И началось у них чтение; а так как Гоголь, в самом деле, читал хорошо, а теперь для нового своего приятеля еще более постарался, то Высоцкий остался вполне доволен и заставлял его затем читать уже изо дня в день. Нередко чтение прерывалось более или менее остроумной вставкой чтеца или слушателя, имевшей обыкновенно какое-нибудь касательство к товарищам или к гимназическому начальству, и вставка эта вызывала тотчас соответственную реплику второго собеседника. Высоцкий был несомненно более начитан и умственно более зрел, а отчужденность от товарищеского круга вследствие частого пребывания в лазарете сделала из него если не светоненавистника, то довольно желчного нелюдима. Во всем и во всех он прежде всего подмечал оборотную сторону, отрицательные качества, и с особенным удовольствием изощрял свой природный юмор насчет слабостей своих ближних. А так как ехидствовать вдвоем куда занятнее, чем в одиночку, то он с каждым днем стал относиться все более дружелюбно к посланному ему судьбой лазаретному товарищу, который с такой верой принимал его решительные приговоры о людях и, благодаря бившей в нем также живым ключом сатирической жилке, подбавлял еще к каждому такому приговору своих красок, своего «соусу». Самолюбию же Гоголя не могло не льстить, что «студент» водится с ним, как равный с равным, и так одобрительно усмехается над всякой его, даже грошевой остротой. Одноклассники навещали, разумеется, двух узников в их лазаретном заточении, но те и без них не скучали. Едкий цемент сатиры в несколько дней скрепил две родственные натуры в такую дружбу, для которой при иных условиях потребовались бы годы. Когда перед самой масленицей Высоцкому наконец удалось вырваться из лазарета, он на прощанье не только тепло пожал руку Гоголю, но даже облобызал его.
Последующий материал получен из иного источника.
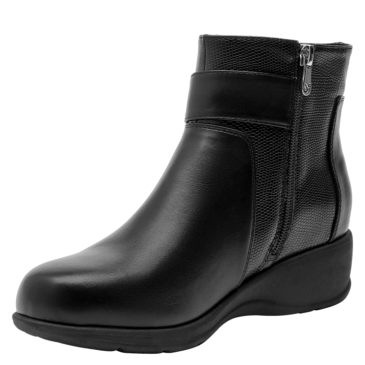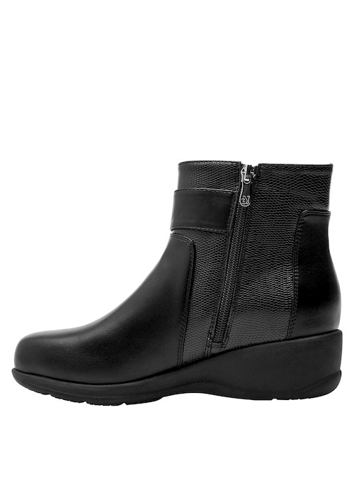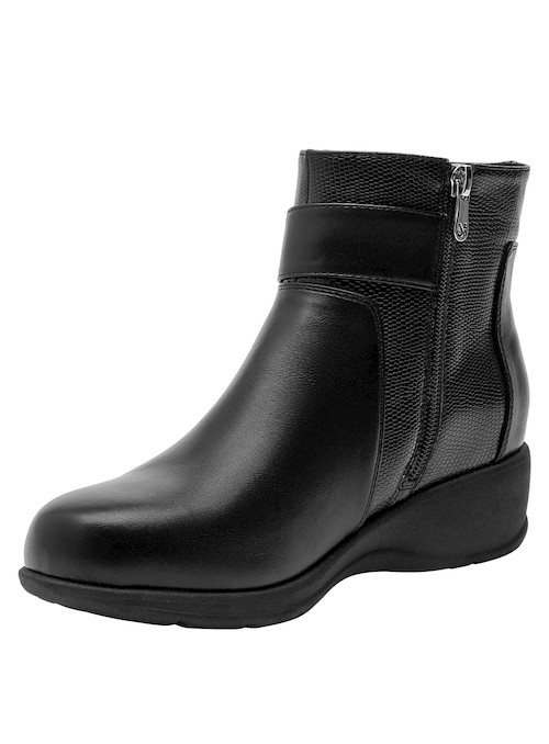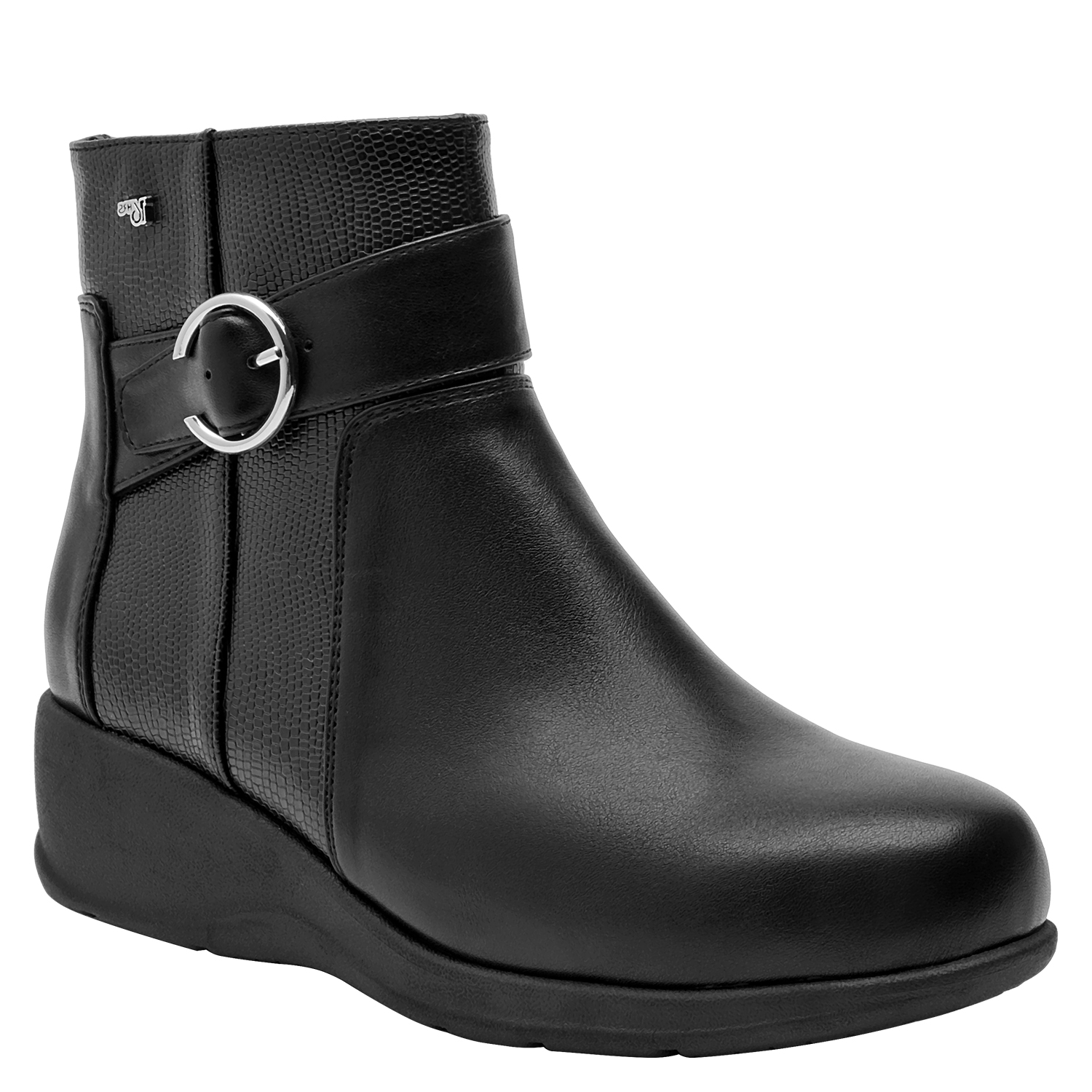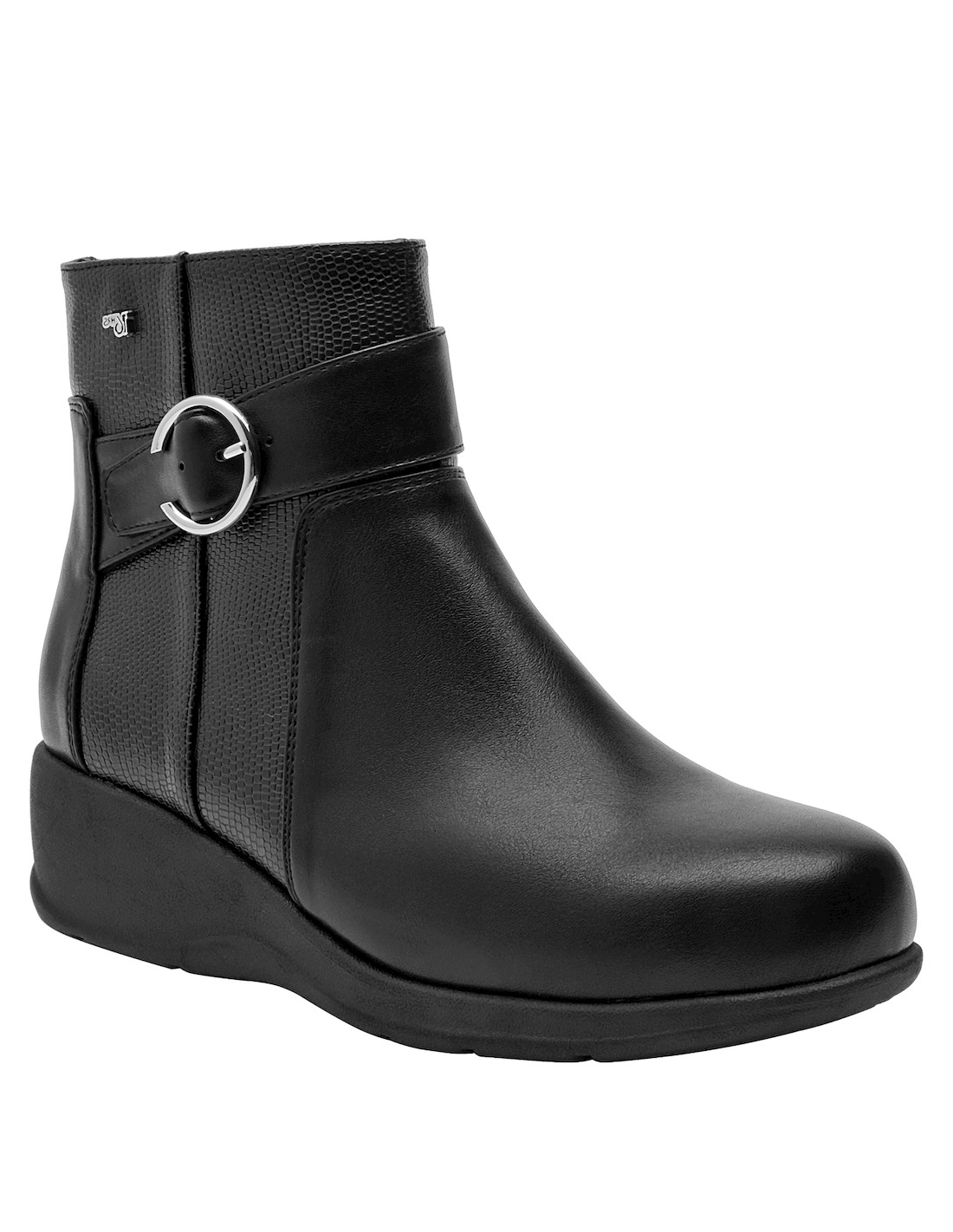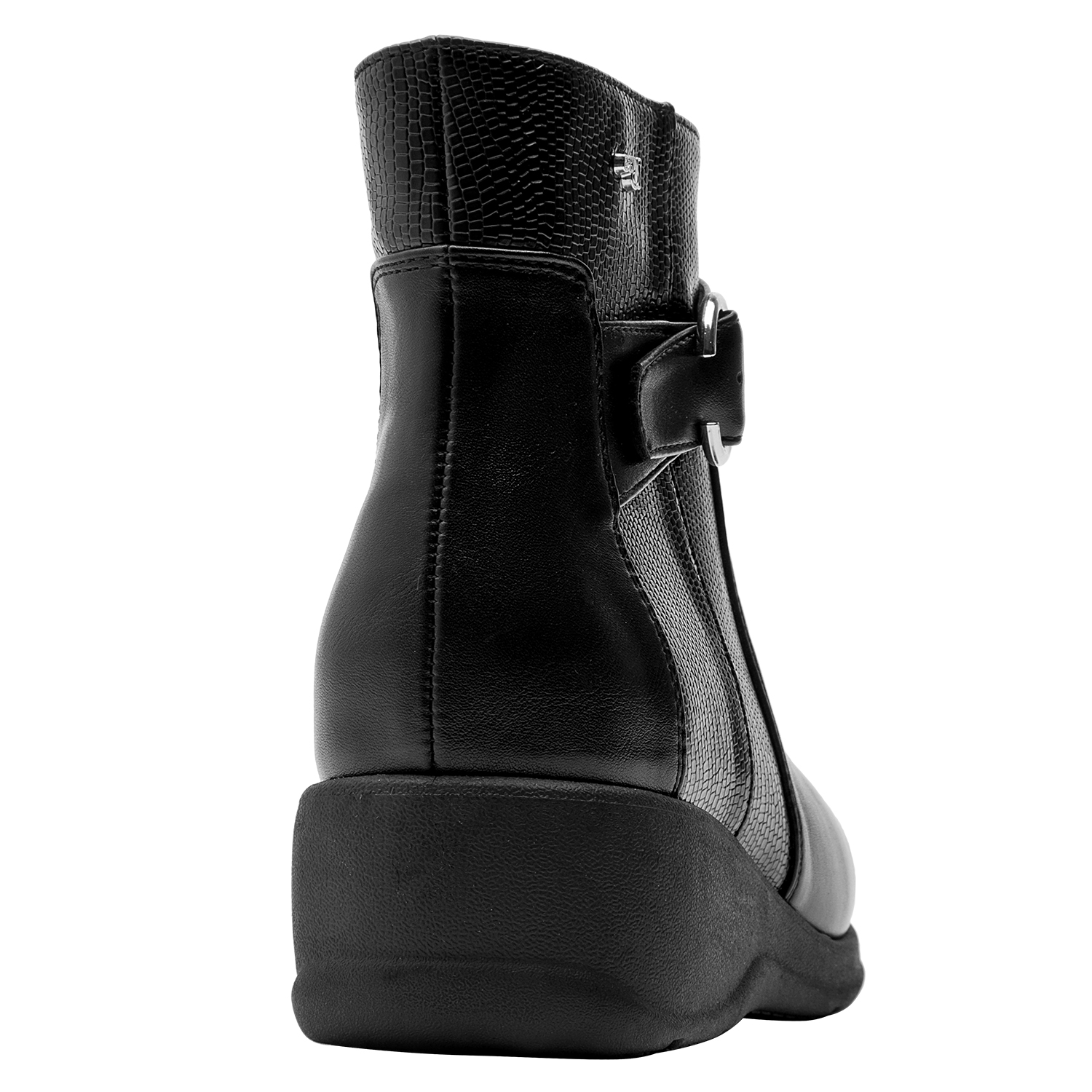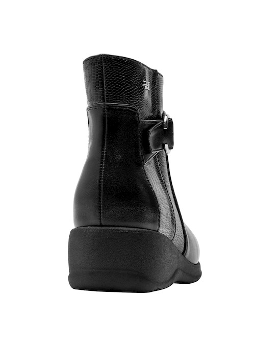 Abraza la elegancia de lo sencillo con nuestros botines de cuña negros, perfectos para cada momento del día. Su diseño redondeado y el acabado sintético de alta calidad ofrecen suavidad y un toque moderno. La cuña de 5 cm brinda la altura justa sin sacrificar la comodidad, permitiendo que cada paso sea ligero y flexible. Ideal para combinar con jeans ajustados o un vestido casual. Siéntete bien mientras acompañas el ritmo de tu vida urbana.

— Ну, дружище, не скучай без меня, — сказал он. — Я приложу все старания, чтобы вытащить тебя из этой ямы хотя бы ко дню спектакля.
Гоголь глубоко вздохнул:
— Что пользы, ежели я сам не могу играть? Мою роль жреца ведь передали уже другому!
— А что, если я выторгую для тебя какую-нибудь пустую рольку хотя бы во французской или немецкой пьесе, — возьмешься ты играть ее?
— Возьмусь. Только тогда уже, Герасим Иванович, пожалуйста, роль покороче: у меня решительно нет памяти для этой тарабарщины.
— Добре. Главное — не унывай.
И он добился своего: Орлай, убедившись, что у его сумасшедшего пациента умственные способности окончательно возвратились, не только выпустил его на волю, но разрешил ему даже выступить на товарищеской сцене в коротенькой роли доброго сына, которую выхлопотал ему его новый друг у режиссера — Кукольника — в немецком стихотворном «одноактнике». Но чего стоило Гоголю вызубрить свои двадцать стихов на «тарабарщине»!
Накануне спектакля были две репетиции, в самый день спектакля поутру еще одна. И Гоголь оказался «на высоте своей задачи»: с большой развязностью начинал он трогательным восклицанием: «Oh, mein Vater»! — и, без запинки отбарабанив свои двадцать стихов, не менее патетически заканчивал: «Nach Prag!»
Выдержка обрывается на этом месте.